Are you using a particular version of solc or abigen?

jcvernaleo commented 6 years ago

Also, it might be best to split this into 2 PR, one for anything smart contract related and one that depends on that with the go code and the generate step that way they can be reviewed separately. Since the smart contracts are already deployed, I'm not sure if those changes can go in really (but that is more @gabmontes's area than mine).

jcvernaleo commented 6 years ago

That said, I'm very happy to see go bindings here!

jgarzik commented 6 years ago

Comments:

euforic commented 6 years ago

@jcvernaleo Sorry not sure how the typo got in, but fixed that and pushed the changes. I will break it into two commits as requested. Instead of duplicating monolithic.sol do you want to just push a git tag to tag the version this way if the contract is ever updated and redeployed we can just tag the new versions?

euforic commented 6 years ago

@jcvernaleo @jgarzik I put in another PR #74 that just updates the comments to allow for the contract to compile with the latest version of solc

euforic commented 6 years ago

@jcvernaleo @jgarzik Ok this PR only covers the actually Go binding generation function and the generated Go code. It's built off of #74 pending PR branch so once that is merged the changes to the contract will disappear from this PR changes

jcvernaleo commented 6 years ago

Would it be possible to generate the go bindings using the version of solc that was initially used (looks like 0.4.21 based on package-lock.json) or does generating the go code require the newer solc?

Mostly wondering if we can get the go code in without touching the contracts.

jcvernaleo commented 6 years ago

Regardless of the question above, the generate command now works for me and generates identical code when I run it as in the pull request (other than a single newline oddly enough). So on the go side, I'm happy with this PR (once we decide on #74).

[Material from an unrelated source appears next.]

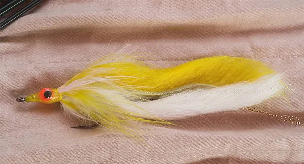 Brightly colored Bunny Split pike fly with large rabbit zonker strips

euforic commented 6 years ago

@jcvernaleo so the only changes to the contract now are just ... added to the doc blocks that are missing the required docs. So nothing would change for the compiled contract, it might just add the docs to the ABI. The issue with using an older version of the compiler is we will miss out on any of the improvements and / or bug fixes from the latest code generator. One big problem is you will have to have everyone downgrade there installed version of abigen to an older version in order to compile too.

jcvernaleo commented 6 years ago

Downgrading abigen is definitely more of a pain than downgrading solc.

patidarmanoj10 commented 4 years ago

No changes in contract needed . closing this as new PR #95 will take care of this.